L’andatura è lenta, quasi ridicola per un angelo con piedi di fata come lui. Eppure è violenta, al solo pensiero del fardello che si porta addosso: la Iaaf lo ripudia. L’accusa, seppur singola, è doppia: formalmente è l’ovvietà del doping, quella subdola è l’essersi accasato dal prof. Sandro Donati. Per chi scrive, più la seconda della prima: stavolta il doping potrebbe non c’entrare affatto.

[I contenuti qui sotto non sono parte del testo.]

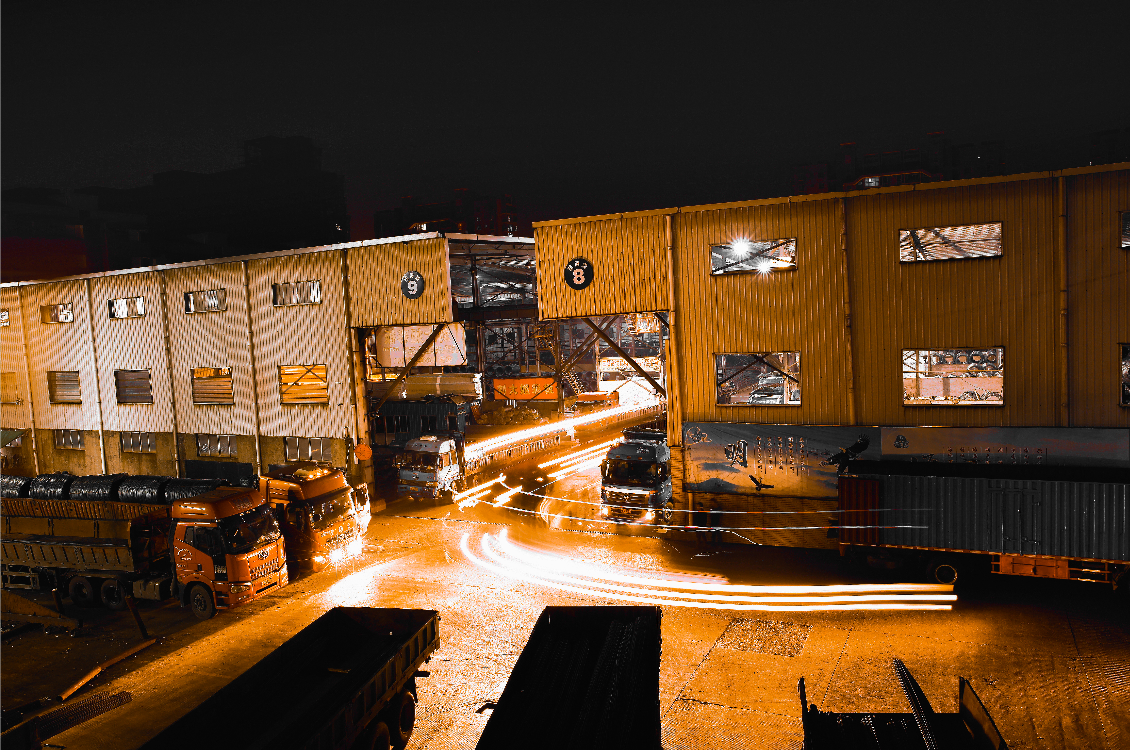 明海鑫專業鋼材交易市場,裝貨發車車水馬龍景象。
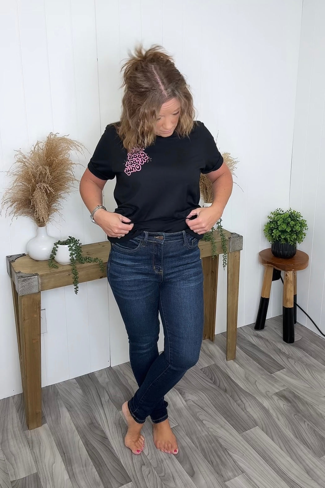 The ultimate every day jeans! High Rise, Whiskering, but no holes. 5-pocket design. Zip Fly.
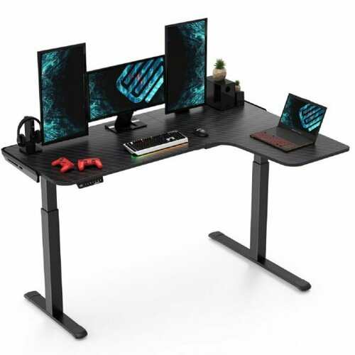 Стол для для компьютера (для геймеров) EUREKA L-формы c электрической регулировкой по высо ERK-EGD-L60L-B-US
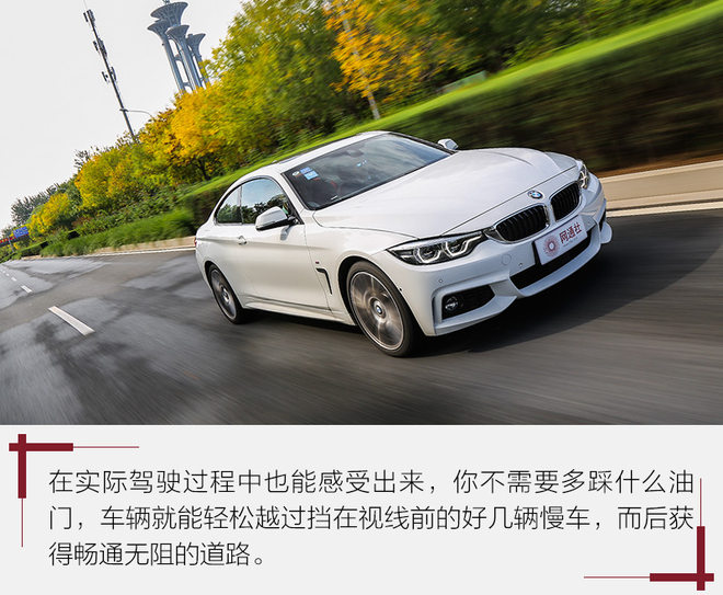 BMW 440i xDrive就是搭载直列6缸3.0升排量涡轮增压发动机的车型,如果说2.0升排量的车让你在超车时无需做什么“心理建设”,那么开这台BMW 440i xDrive,你只用轻点油门,就能见缝插针式的“塞”入前车。再配合上BMW舒爽的操控,当完成这一系列动作之后,你不免嘴角上扬。

Il prof di mille-e-una battaglie lo segue, lo insegue, non lo perde di vista un solo istante: “Vai, Alex. Questo è il tempo migliore finora”. Controlliamo anche noi: il tempo sull’allungo è dilettantistico, tutt’altro che olimpico. Eppure dice il vero: stamane l’importante sarà portare a casa due ore d’allenamento. Il prof è conscio d’essere una tartaruga al cospetto del sistema, che ha le sembianze di Achille. La strada, certe volte, ha emesso sentenze rocambolesche: “La tartaruga batte Achille perché conosce la strada” (M. Enwall). Per questo, oggi, ci s’allena.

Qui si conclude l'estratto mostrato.